Re: Plea for the support of unicode escape sequences

Petite Abeille

On Jun 29, 2011, at 9:23 PM, David Kolf wrote:

> I guess the problem is that most tables only tell you the codepoint but
> not the UTF-8 encoding.

Get a better table ☺

http://www.fileformat.info/info/unicode/char/2192/index.htm
http://www.isthisthingon.org/unicode/index.phtml
http://www.utf8-chartable.de/
etc, etc, etc…

Some operating systems offer built-in lookups as well, e.g. Mac OS X, under Edit → Special Characters… provides both name, unicode and utf8 encoding at your finger tip.  

No point in inventing a new wheel for something so trivial.

On the other hand, if Lua provided full unicode support across the board for all string operations it would be as bloated as ICU… better leave such choice to the language user in the form of a third party library instead of pushing it on everyone through the language itself…  

Just my 2¢ ☺
Reply | Threaded
Open this post in threaded view
|

Re: Plea for the support of unicode escape sequences

Patrick Rapin
In reply to this post by Petite Abeille
>> What's the UTF-8 sequence for the unicorn symbol? ;-) :-D
>
> 0xE9 0xBA 0x9F obviously :P

Great, this is in fact true [1].
Well quite, since it is only for female unicorns...

[1] http://www.fileformat.info/info/unicode/char/9e9f/index.htm

Reply | Threaded
Open this post in threaded view
|

Re: Plea for the support of unicode escape sequences

Lorenzo Donati-2
On 29/06/2011 22.17, Patrick Rapin wrote:
>>> What's the UTF-8 sequence for the unicorn symbol? ;-) :-D
>>
>> 0xE9 0xBA 0x9F obviously :P
>
> Great, this is in fact true [1].
> Well quite, since it is only for female unicorns...
>
> [1] http://www.fileformat.info/info/unicode/char/9e9f/index.htm

BTW, great source of info!

I haven't installed a full unicode font, so that sequence, put into a
text file, only showed a little box with 9e9f inside. I discovered by
googling that it was a CJK code point, but wasn't able to display it,
since every unicode table I found assumed I had a full unicode font.

So I inferred that it should have been an Unicorn :-)
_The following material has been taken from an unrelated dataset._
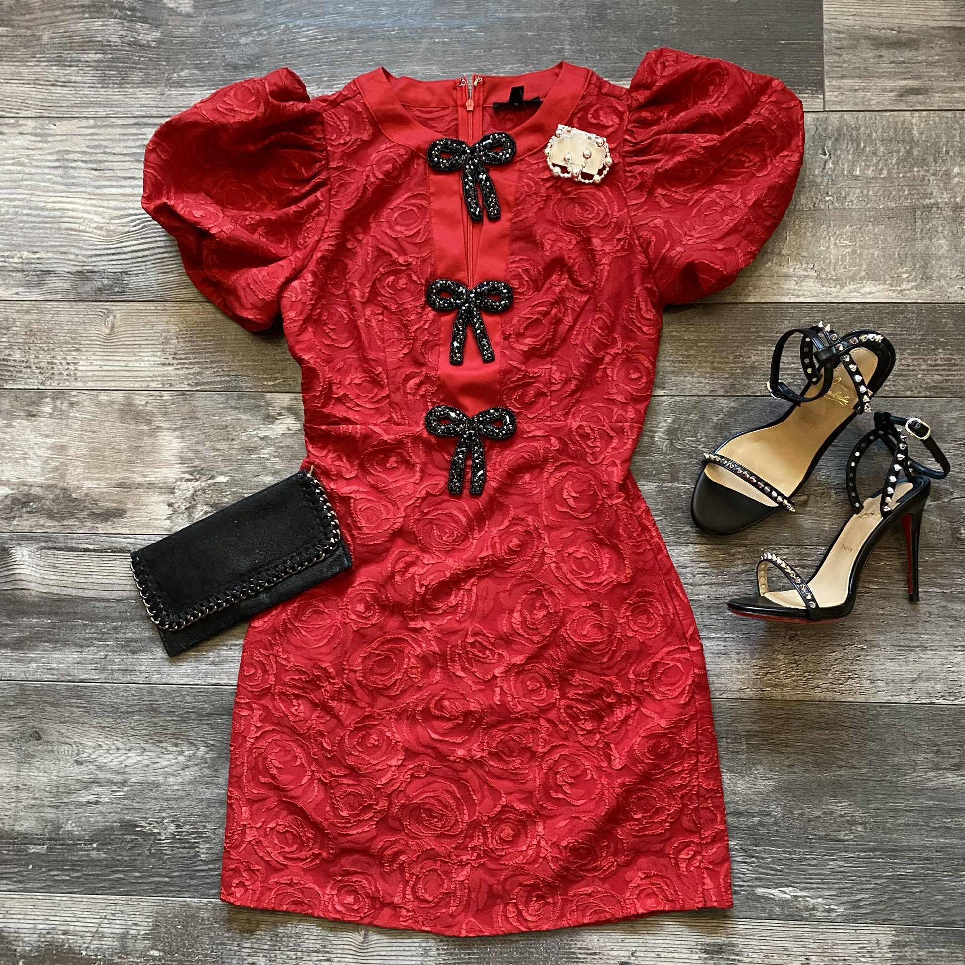 beautiful red dress, black bow tie front, puff sleeve, zip up back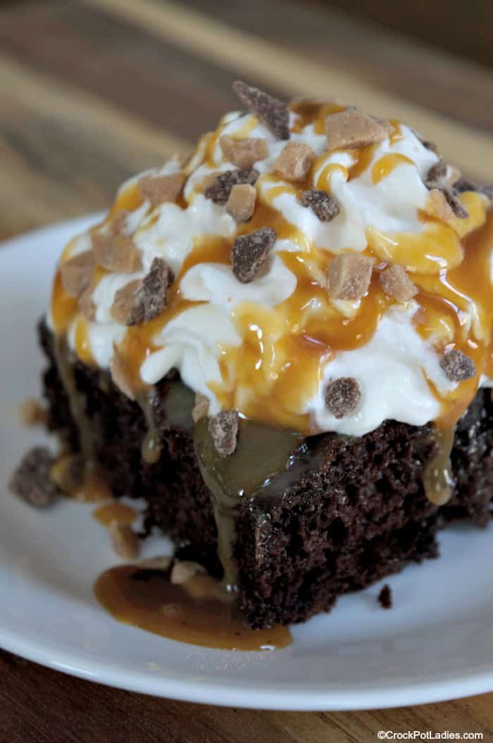 Crockpot Chocolate Cake is a luscious combination of caramel, chocolate cake and sweetened condensed milk for addicting flavor everyone will obsess over.

The link above show you the glyph using an image, not relying on the
font installed on your machine.

Cool! Thanks! (Marked for future reference! :-)



-- Lorenzo



Reply | Threaded
Open this post in threaded view
|

Re: Plea for the support of unicode escape sequences

Edgar Toernig
In reply to this post by David Heiko Kolf
David Kolf wrote:
>
> I wonder how compact you can store the character classes for the 65k
> codepoints in the BMP and the lowercase/uppercase pairs (for
> string.lower, string.upper).

There's already a UTF-8 version of the string library called slnunicode.
Iirc, it uses the tables from Tcl which are about 13k.  The whole library
is about 32k.

With it and the unicode escape sequences you could write i.e.

    unicode.utf8.gsub(s, "[\uf000-\uffff]", "?")

With Lua 5.1 that would be

    unicode.utf8.gsub(s, "[\239\128\128-\239\191\191]", "?")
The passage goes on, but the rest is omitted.